Just over half of New Zealanders think AI will make the spread of false information worse - again the second highest level of concern, behind Sweden at 55 percent and compared with a global average of 37 percent.
There has been concern about how fast AI is developing - even from its creators.
In March 2023 more than 1000 tech leaders, including Elon Musk, signed an open letter calling for a pause in AI development, warning of profound risks to humanity from an arms race to develop powerful digital minds not even their creators could understand or control.
In his 2021 book Scary Smart Mo Gawdat, formerly chief business officer of Google X, predicts that by 2049 AI will be a billion times smarter than the smartest human. The gap in intelligence would be similar to that between a fly and Einstein, leading Gawdat to ask, how do you convince the superbeing not to squash the fly?
One morbid metric sweeping Silicon Valley is P-Doom: the probability of doom, where zero means humanity will be fine and 100 means we're all dead. A survey recently found the average AI engineer had a P-Doom of 40 - meaning a 40 percent chance AI will wipe us out.
But Collins described herself as an AI optimist. New Zealand could not stop AI so had to embrace it.

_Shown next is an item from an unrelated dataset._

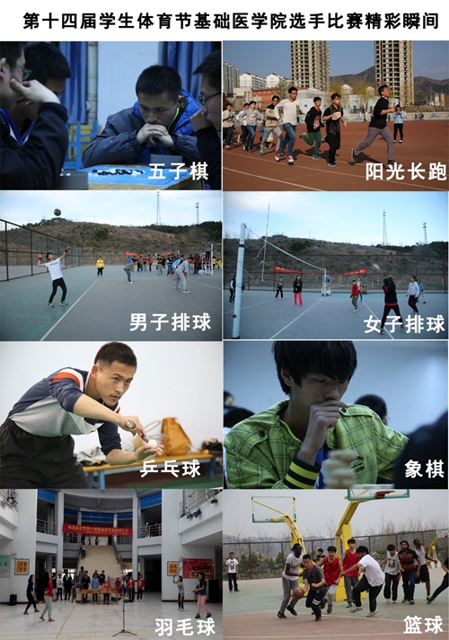 为积极响应“每天锻炼一小时,健康工作五十年,幸福生活一辈子”的现代健康理念和“三走”活动的号召,切实推动阳光体育运动的广泛开展,吸引广大青少年学生走向操场、走进大自然、走到阳光下,基础医学院2013级党支部在各级领导的支持及公体部老师们的指导下,自2014年10月至今,组织全体学生开展以“师生同乐 共享健康”为主题的阳光体育系列活动。 张开双臂,拥抱春天与梦想;放松心情,体验生活与美好,每天9:42分,基础医学院2013级全体同学在党支部书记付俊贞老师和组织委员李庆林老师的带领下,按照固定的位置和学号依次排开,整齐划一地做起了课间操,老师和同学们的动作标准、有力、优美,每个动作中无不充满着属于青春的朝气与活力,吸引了大批留学生和其他院系的学生的目光,成为每天承医最亮丽的一道风景线。 和着激情而变化的旋律,伴随着队员们优美的舞姿,基础医学院2013级的团体操队员们每天准时出现在操场中央排练,优美的交际舞、激情的小苹果是师生活力与激情的展示,那优雅的彩带舞是对母校建校70周年的美好祝愿,这里有辅导员老师和组织者辛勤的汗水,有全体队员积极的配合与支持,只为在运动会开幕式上绽放出属于基础医学院的风采,舞出我院学子对母校建校70周年的美好祝愿! 四月的阳光轻柔,蓝天白云,婀娜多姿,各个班级积极响应党支部的号召,组织形式多样的阳光体育运动,如激烈的足球赛、撕名牌大战、毽球羽毛球赛、拔河比赛等一系列趣味运动,全体同学乐享其中,积极运动,本年级在校阳光体育比赛中荣获第三名的佳绩。自学校体育节开幕以来,全年级同学积极参与,16名同学报名参加了阳光体育长跑活动,其中临本10班张远航同学取得男子组第一名的好成绩,其他同学也在各项比赛中荣获佳绩,为本院在体育节中赢得了开门红。 本次阳光体育系列活动由党支部组织,师生共同参与,激发了当代大学生参加体育锻炼的主观能动性,形成良好的体育锻炼习惯,提升身体素质,磨练坚强意志,活跃校园气氛,凝聚师生友情,在全校范围中营造人人乐享运动,阳光快乐行走的健康生活风尚。
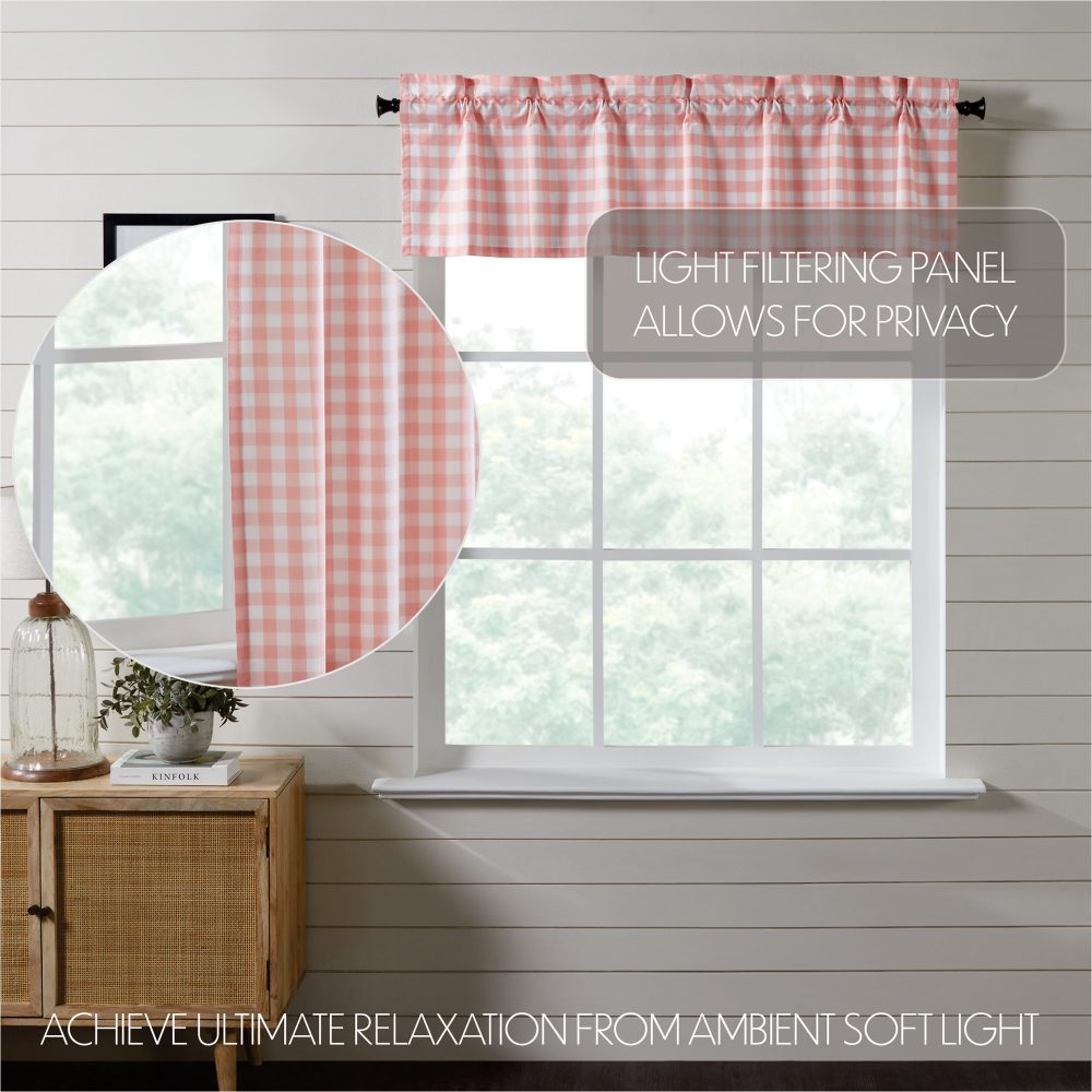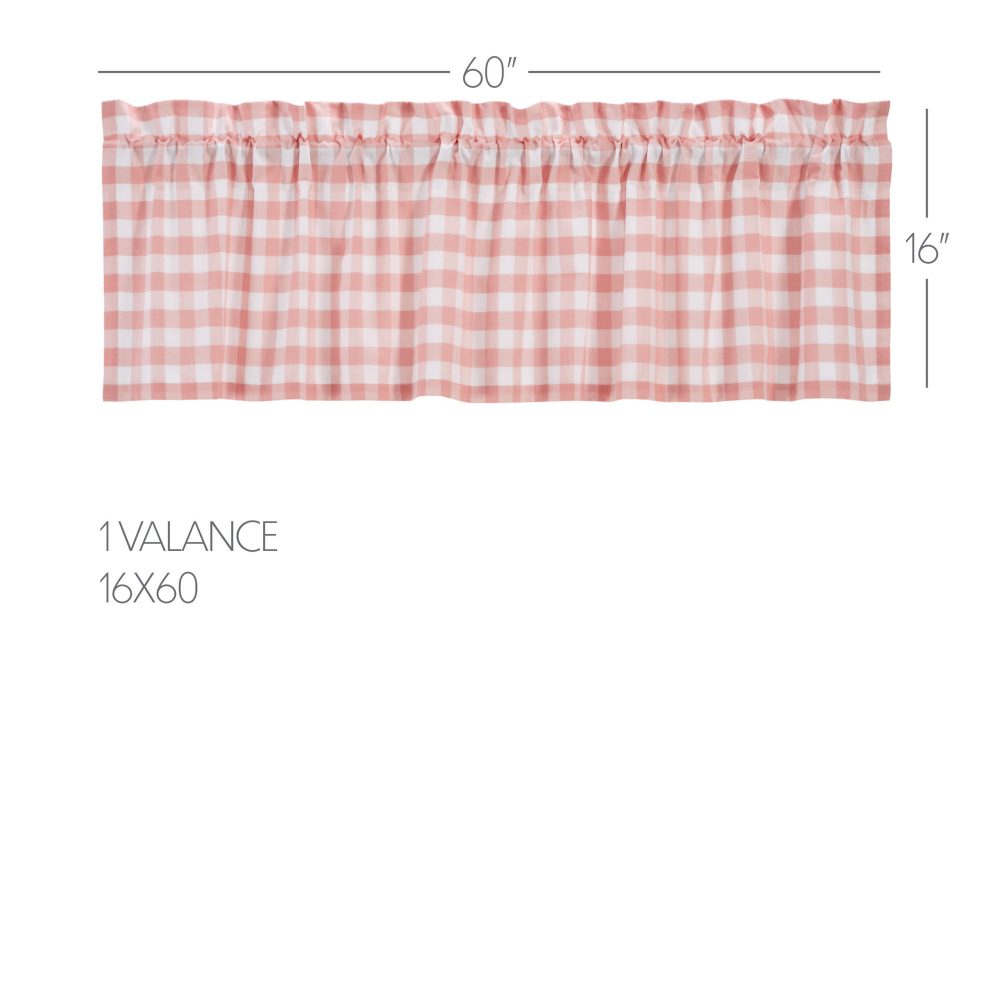 Create a clean, modern farmhouse look with our Annie Buffalo Coral Check Valance. The charming 16x60 inch valance features coral and white checkered plaid in a textured, woven fabric made with 100% cotton. The straight-edged curtain creates a perfect modern farmhouse look. Rod pockets are included for easy hanging.

"It's like trying to stop the wind blowing. It's already here and it's going to keep going," she said. "I think we just need to stop being so frightened and actually understand that there are enormous benefits. But we have to also be aware that some people might misuse AI and we have to be ready for that too."
Using voice cloning technology in scams or disinformation and deep fakes to influence opinion were examples of this.
Collins said New Zealand already had privacy and digital identity laws that could be used to counter those uses of AI and the government was "always willing to regulate" if that was in the public interest.